[WORK INSTRUCTIONS]
In the material below, find the line with "Premium and Safe" and the line with "Étant donné que". Output exactly those two lines and all lines between them, leaving out pictures.

[DATASET CONTENT]
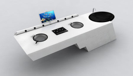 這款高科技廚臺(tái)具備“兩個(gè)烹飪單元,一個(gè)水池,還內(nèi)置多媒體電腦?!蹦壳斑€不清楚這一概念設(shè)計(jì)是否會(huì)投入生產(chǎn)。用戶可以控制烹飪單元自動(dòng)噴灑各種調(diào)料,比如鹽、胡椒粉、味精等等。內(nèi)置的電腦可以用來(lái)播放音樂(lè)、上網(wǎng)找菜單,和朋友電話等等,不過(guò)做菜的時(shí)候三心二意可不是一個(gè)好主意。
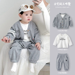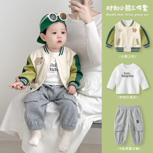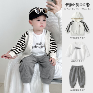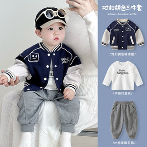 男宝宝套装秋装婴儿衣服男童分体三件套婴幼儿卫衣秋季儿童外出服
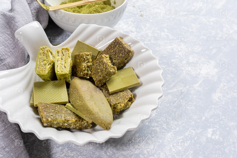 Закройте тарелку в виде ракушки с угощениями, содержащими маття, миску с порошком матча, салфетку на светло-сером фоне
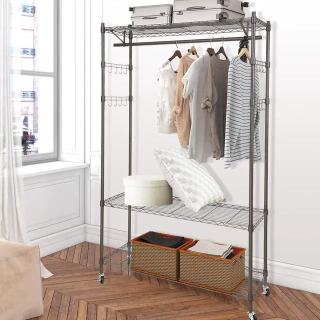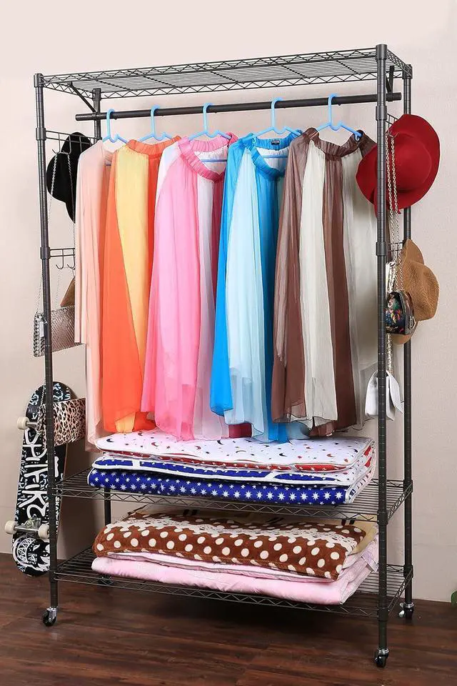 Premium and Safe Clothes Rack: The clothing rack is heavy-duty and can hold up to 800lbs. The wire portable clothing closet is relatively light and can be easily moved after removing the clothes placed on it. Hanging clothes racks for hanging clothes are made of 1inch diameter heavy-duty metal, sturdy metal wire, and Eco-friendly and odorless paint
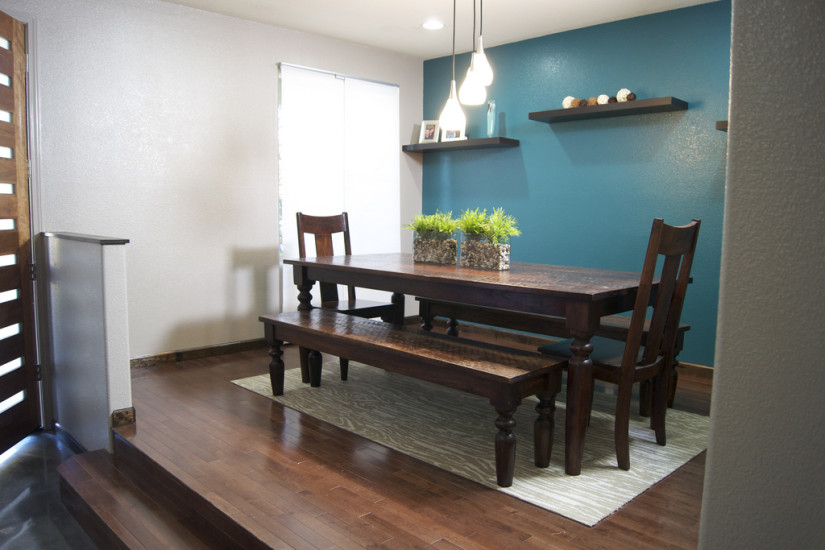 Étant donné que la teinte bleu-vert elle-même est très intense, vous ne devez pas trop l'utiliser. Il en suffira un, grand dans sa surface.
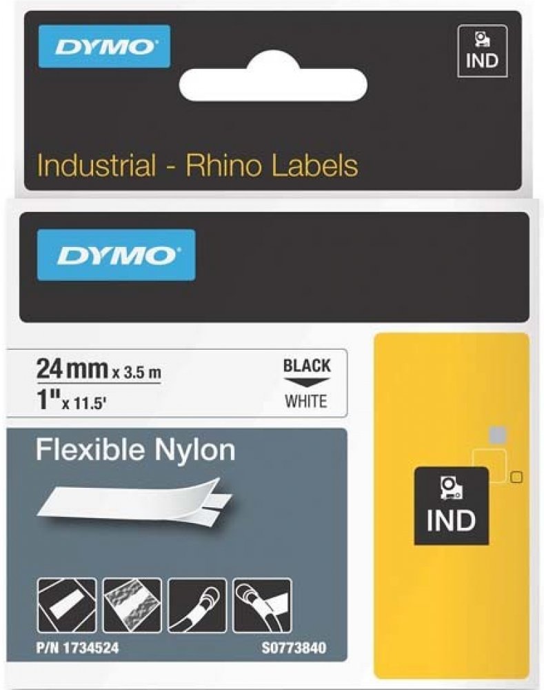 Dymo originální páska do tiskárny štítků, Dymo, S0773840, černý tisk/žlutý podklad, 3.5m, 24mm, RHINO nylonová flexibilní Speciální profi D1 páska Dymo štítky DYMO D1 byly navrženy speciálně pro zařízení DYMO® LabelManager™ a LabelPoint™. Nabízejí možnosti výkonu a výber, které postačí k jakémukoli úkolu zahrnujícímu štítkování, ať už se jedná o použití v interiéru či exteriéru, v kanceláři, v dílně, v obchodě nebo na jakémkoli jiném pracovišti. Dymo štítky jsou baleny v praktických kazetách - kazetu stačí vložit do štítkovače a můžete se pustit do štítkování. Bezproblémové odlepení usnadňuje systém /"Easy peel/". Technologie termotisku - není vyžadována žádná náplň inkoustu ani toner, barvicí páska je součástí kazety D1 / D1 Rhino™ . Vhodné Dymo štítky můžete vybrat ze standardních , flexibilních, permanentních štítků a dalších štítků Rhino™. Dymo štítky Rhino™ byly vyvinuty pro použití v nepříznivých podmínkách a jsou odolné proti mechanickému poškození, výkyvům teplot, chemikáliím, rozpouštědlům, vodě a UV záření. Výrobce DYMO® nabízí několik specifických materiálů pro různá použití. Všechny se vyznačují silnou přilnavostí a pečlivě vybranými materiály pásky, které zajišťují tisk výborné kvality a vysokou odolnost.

[RESULT]
 Premium and Safe Clothes Rack: The clothing rack is heavy-duty and can hold up to 800lbs. The wire portable clothing closet is relatively light and can be easily moved after removing the clothes placed on it. Hanging clothes racks for hanging clothes are made of 1inch diameter heavy-duty metal, sturdy metal wire, and Eco-friendly and odorless paint
 Étant donné que la teinte bleu-vert elle-même est très intense, vous ne devez pas trop l'utiliser. Il en suffira un, grand dans sa surface.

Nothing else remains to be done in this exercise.